What you need to do | Return, word for word, only the lines of the data below that lie between the line with "Соединить все ингридиенты." and the line with "同步整流DC/DC的MB39", those two lines included.

Supplied data |
-=-=-=-=-

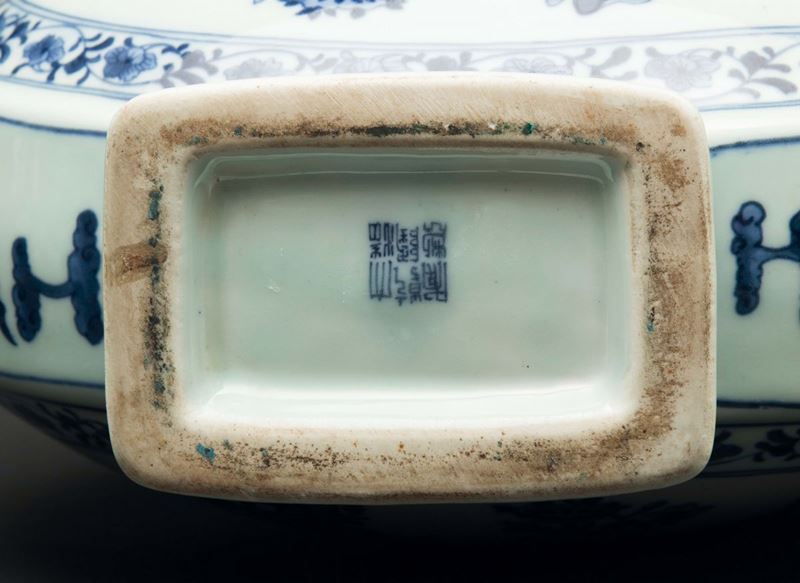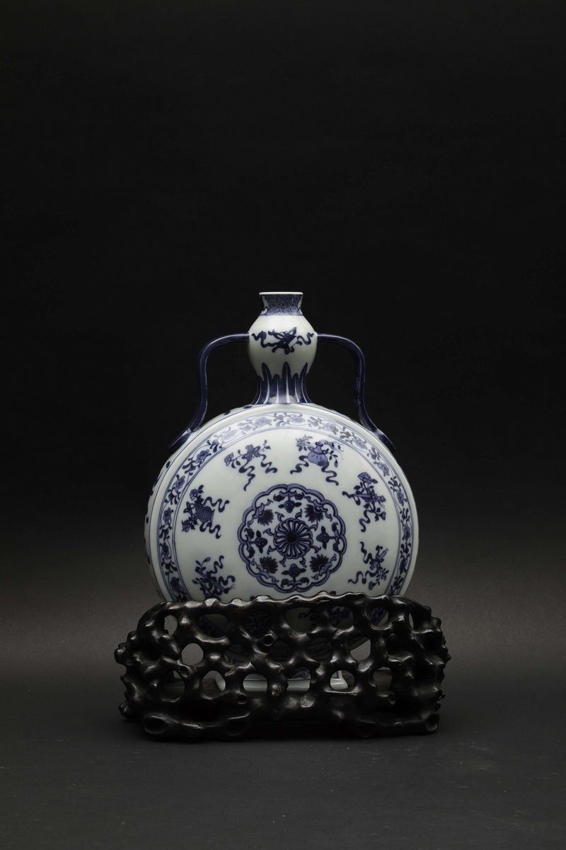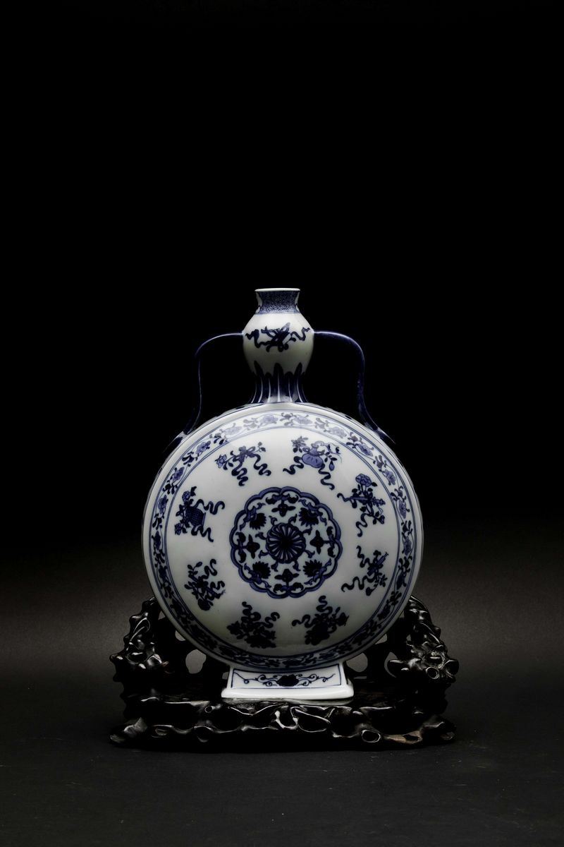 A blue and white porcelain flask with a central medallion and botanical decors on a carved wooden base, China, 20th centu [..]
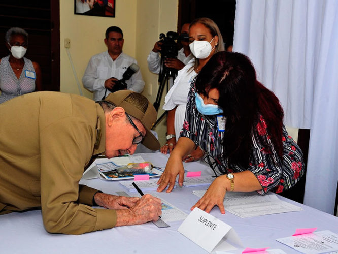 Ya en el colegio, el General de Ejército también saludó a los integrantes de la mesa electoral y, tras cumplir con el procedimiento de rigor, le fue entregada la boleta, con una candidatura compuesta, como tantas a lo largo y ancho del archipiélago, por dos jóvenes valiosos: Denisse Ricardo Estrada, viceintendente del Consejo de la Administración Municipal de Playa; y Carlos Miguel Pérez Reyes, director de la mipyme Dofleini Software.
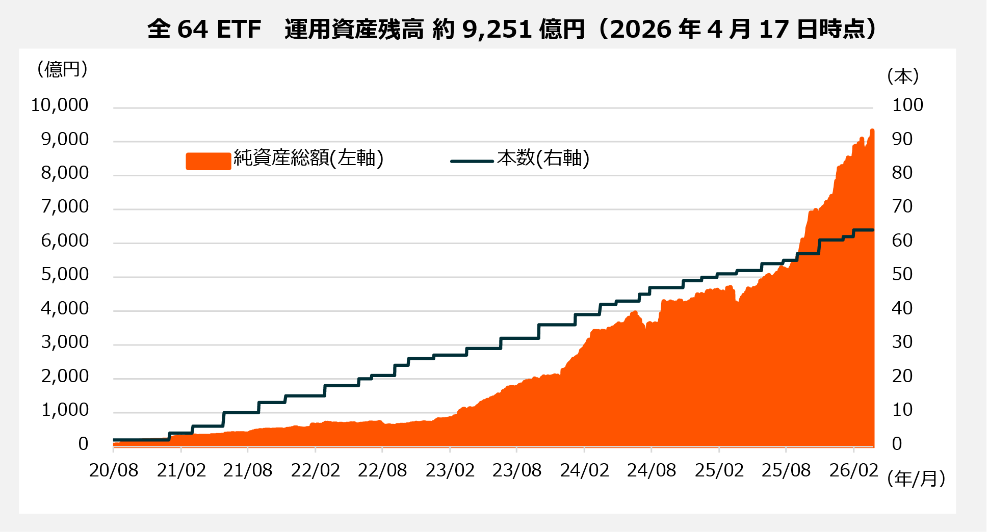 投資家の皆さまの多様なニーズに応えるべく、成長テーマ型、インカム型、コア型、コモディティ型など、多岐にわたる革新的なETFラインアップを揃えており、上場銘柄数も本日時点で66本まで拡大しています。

-=-=-=-=-

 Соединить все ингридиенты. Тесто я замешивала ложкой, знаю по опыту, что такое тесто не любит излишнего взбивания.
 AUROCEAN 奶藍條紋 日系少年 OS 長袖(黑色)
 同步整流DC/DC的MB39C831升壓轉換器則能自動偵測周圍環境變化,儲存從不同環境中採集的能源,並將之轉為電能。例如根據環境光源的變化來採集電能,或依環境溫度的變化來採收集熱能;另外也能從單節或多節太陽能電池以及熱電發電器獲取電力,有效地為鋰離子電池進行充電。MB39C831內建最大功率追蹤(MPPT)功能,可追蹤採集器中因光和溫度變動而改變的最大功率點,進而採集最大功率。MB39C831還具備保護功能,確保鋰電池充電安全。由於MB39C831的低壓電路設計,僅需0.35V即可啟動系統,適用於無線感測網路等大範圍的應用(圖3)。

-=-=-=-=-

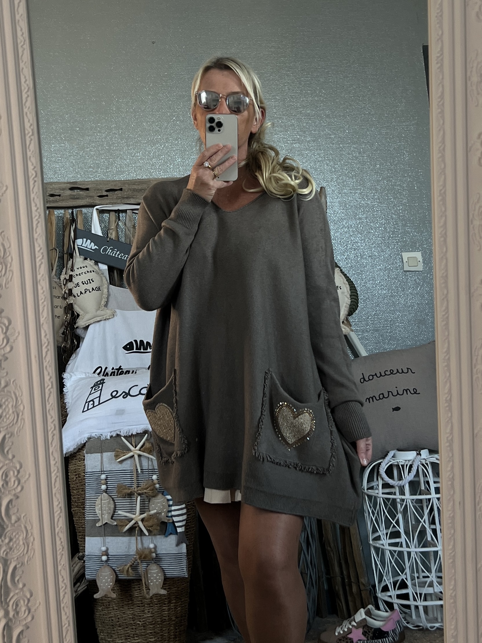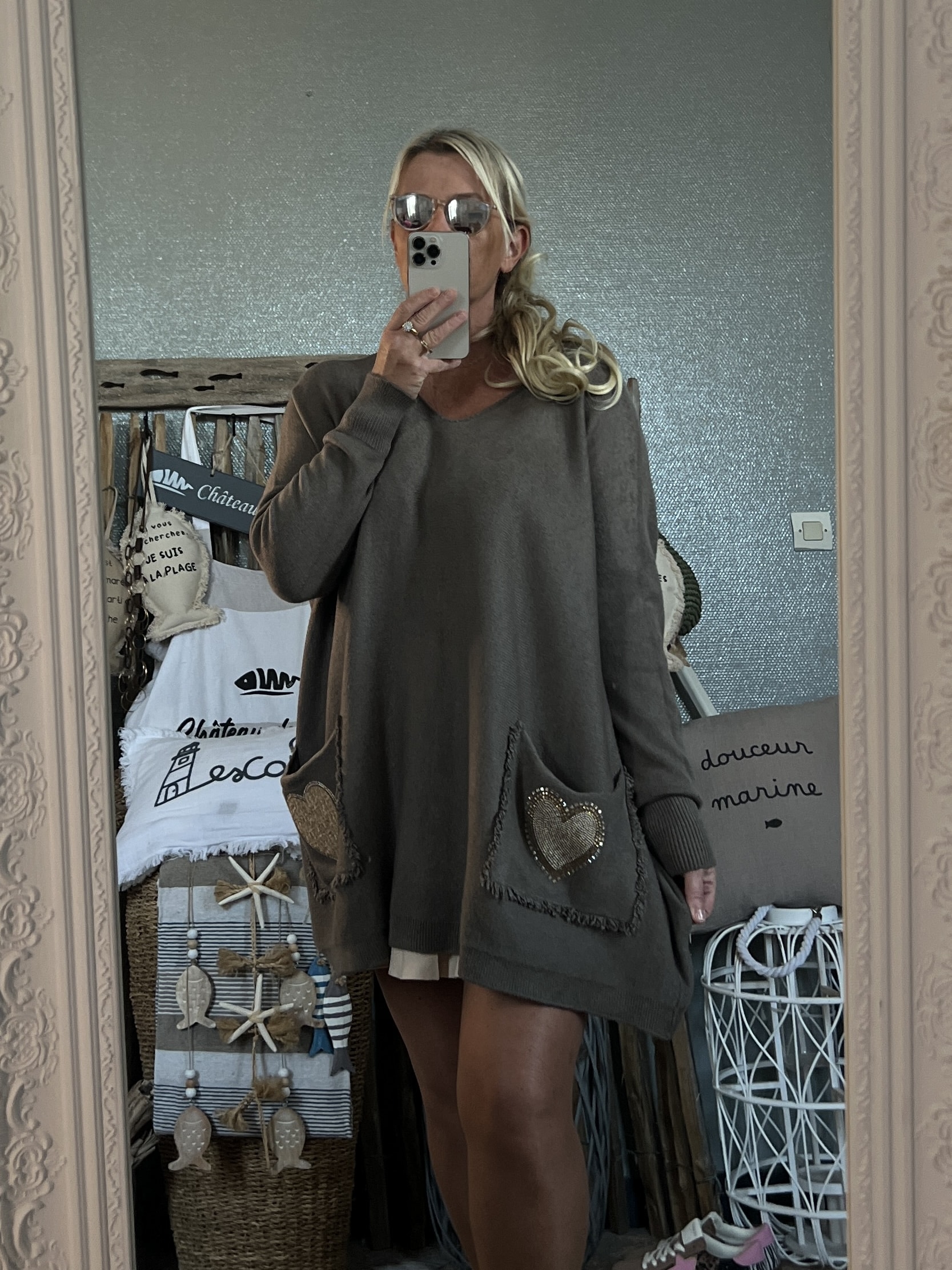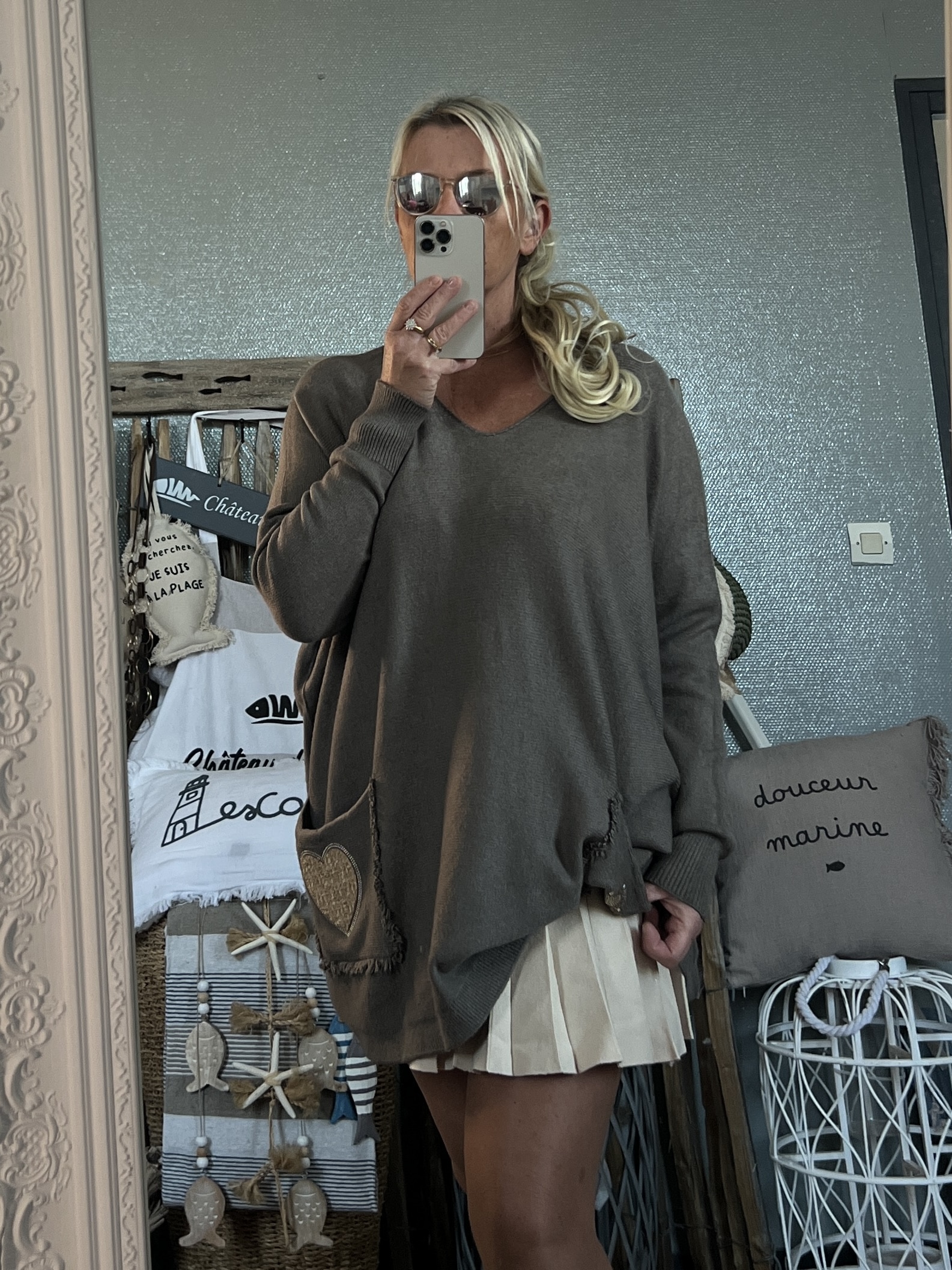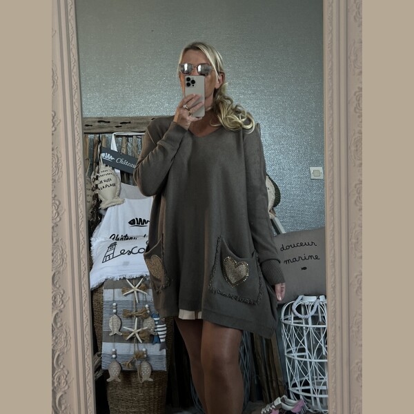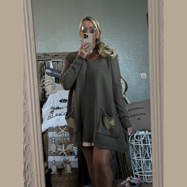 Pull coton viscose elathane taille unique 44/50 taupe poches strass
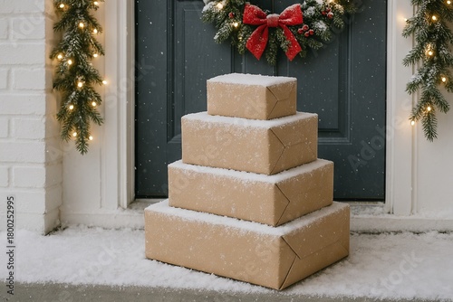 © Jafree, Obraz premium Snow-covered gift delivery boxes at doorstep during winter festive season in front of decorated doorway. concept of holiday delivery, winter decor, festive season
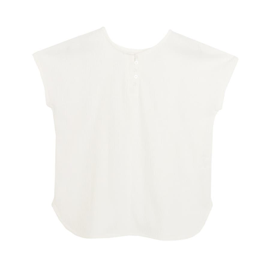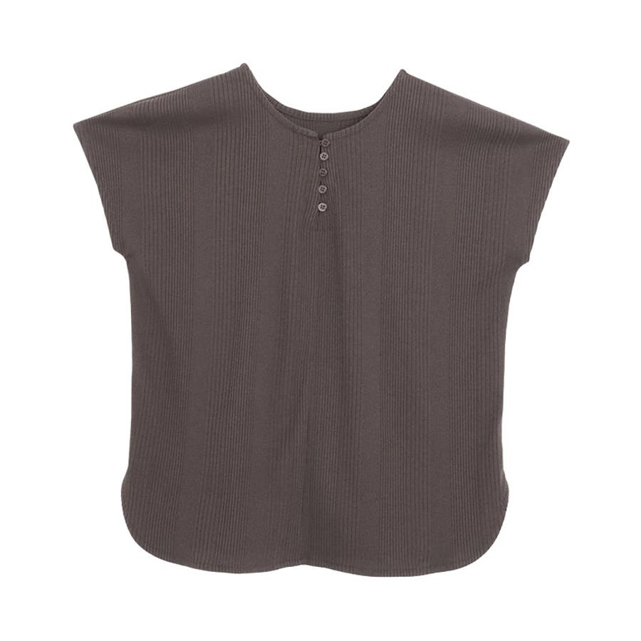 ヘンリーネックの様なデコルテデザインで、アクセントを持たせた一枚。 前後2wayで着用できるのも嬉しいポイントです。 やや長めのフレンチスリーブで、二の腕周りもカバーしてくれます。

-=-=-=-=-

Answer box |
 Соединить все ингридиенты. Тесто я замешивала ложкой, знаю по опыту, что такое тесто не любит излишнего взбивания.
 AUROCEAN 奶藍條紋 日系少年 OS 長袖(黑色)
 同步整流DC/DC的MB39C831升壓轉換器則能自動偵測周圍環境變化,儲存從不同環境中採集的能源,並將之轉為電能。例如根據環境光源的變化來採集電能,或依環境溫度的變化來採收集熱能;另外也能從單節或多節太陽能電池以及熱電發電器獲取電力,有效地為鋰離子電池進行充電。MB39C831內建最大功率追蹤(MPPT)功能,可追蹤採集器中因光和溫度變動而改變的最大功率點,進而採集最大功率。MB39C831還具備保護功能,確保鋰電池充電安全。由於MB39C831的低壓電路設計,僅需0.35V即可啟動系統,適用於無線感測網路等大範圍的應用(圖3)。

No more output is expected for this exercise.